Re: [PATCH v7 1/3 RESEND] block:sed-opal: SED Opal keystore

2023-08-16 Thread Hannes Reinecke

On 7/21/23 23:19, gjo...@linux.vnet.ibm.com wrote:

From: Greg Joyce 

Add read and write functions that allow SED Opal keys to stored
in a permanent keystore.


Probably state that these are dummy functions only.


Signed-off-by: Greg Joyce 
Reviewed-by: Jonathan Derrick 
---
  block/Makefile   |  2 +-
  block/sed-opal-key.c | 24 
  include/linux/sed-opal-key.h | 15 +++
  3 files changed, 40 insertions(+), 1 deletion(-)
  create mode 100644 block/sed-opal-key.c
  create mode 100644 include/linux/sed-opal-key.h

diff --git a/block/Makefile b/block/Makefile
index 46ada9dc8bbf..ea07d80402a6 100644
--- a/block/Makefile
+++ b/block/Makefile
@@ -34,7 +34,7 @@ obj-$(CONFIG_BLK_DEV_ZONED)   += blk-zoned.o
  obj-$(CONFIG_BLK_WBT) += blk-wbt.o
  obj-$(CONFIG_BLK_DEBUG_FS)+= blk-mq-debugfs.o
  obj-$(CONFIG_BLK_DEBUG_FS_ZONED)+= blk-mq-debugfs-zoned.o
-obj-$(CONFIG_BLK_SED_OPAL) += sed-opal.o
+obj-$(CONFIG_BLK_SED_OPAL) += sed-opal.o sed-opal-key.o
  obj-$(CONFIG_BLK_PM)  += blk-pm.o
  obj-$(CONFIG_BLK_INLINE_ENCRYPTION)   += blk-crypto.o blk-crypto-profile.o \
   blk-crypto-sysfs.o
diff --git a/block/sed-opal-key.c b/block/sed-opal-key.c
new file mode 100644
index ..16f380164c44
--- /dev/null
+++ b/block/sed-opal-key.c
@@ -0,0 +1,24 @@
+// SPDX-License-Identifier: GPL-2.0-only
+/*
+ * SED key operations.
+ *
+ * Copyright (C) 2022 IBM Corporation
+ *
+ * These are the accessor functions (read/write) for SED Opal
+ * keys.
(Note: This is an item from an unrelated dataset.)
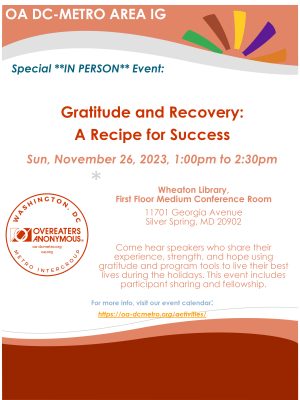 Activities sponsored by the DC Metro Area OA Intergroup or other Overeater Anonymous service bodies.
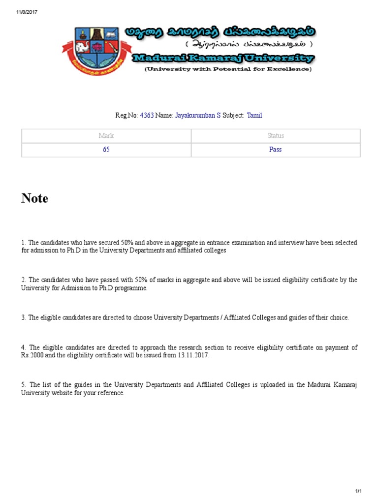 5. The list of the guides in the University Departments and Affiliated Colleges is uploaded in the Madurai Kamaraj

Specific keystores can provide overrides.
+ *
+ */
+
+#include 
+#include 
+#include 
+
+int __weak sed_read_key(char *keyname, char *key, u_int *keylen)
+{
+   return -EOPNOTSUPP;
+}
+
+int __weak sed_write_key(char *keyname, char *key, u_int keylen)
+{
+   return -EOPNOTSUPP;
+}


Hmm. We do have security/keys, which is using a 'struct key' for
their operations.
Why don't you leverage that structure?

Cheers,

Hannes
--
Dr. Hannes ReineckeKernel Storage Architect
h...@suse.de  +49 911 74053 688
SUSE Software Solutions GmbH, Maxfeldstr. 5, 90409 Nürnberg
HRB 36809 (AG Nürnberg), Geschäftsführer: Ivo Totev, Andrew
Myers, Andrew McDonald, Martje Boudien Moerman



Re: [PATCH v7 3/3 RESEND] powerpc/pseries: PLPKS SED Opal keystore support

2023-08-16 Thread Hannes Reinecke

On 7/21/23 23:19, gjo...@linux.vnet.ibm.com wrote:

From: Greg Joyce 

Define operations for SED Opal to read/write keys
from POWER LPAR Platform KeyStore(PLPKS). This allows
non-volatile storage of SED Opal keys.

Signed-off-by: Greg Joyce 
Reviewed-by: Jonathan Derrick 
---
  arch/powerpc/platforms/pseries/Kconfig|   6 +
  arch/powerpc/platforms/pseries/Makefile   |   1 +
  .../powerpc/platforms/pseries/plpks_sed_ops.c | 114 ++
  block/Kconfig |   1 +
  4 files changed, 122 insertions(+)
  create mode 100644 arch/powerpc/platforms/pseries/plpks_sed_ops.c


Reviewed-by: Hannes Reinecke 

Cheers,

Hannes
--
Dr. Hannes ReineckeKernel Storage Architect
h...@suse.de  +49 911 74053 688
SUSE Software Solutions GmbH, Maxfeldstr. 5, 90409 Nürnberg
HRB 36809 (AG Nürnberg), Geschäftsführer: Ivo Totev, Andrew
Myers, Andrew McDonald, Martje Boudien Moerman



Re: [PATCH v7 2/3 RESEND] block: sed-opal: keystore access for SED Opal keys

2023-08-16 Thread Hannes Reinecke

On 7/21/23 23:19, gjo...@linux.vnet.ibm.com wrote:

From: Greg Joyce 

Allow for permanent SED authentication keys by
reading/writing to the SED Opal non-volatile keystore.

Signed-off-by: Greg Joyce 
Reviewed-by: Jonathan Derrick 
---
  block/sed-opal.c | 18 --
  1 file changed, 16 insertions(+), 2 deletions(-)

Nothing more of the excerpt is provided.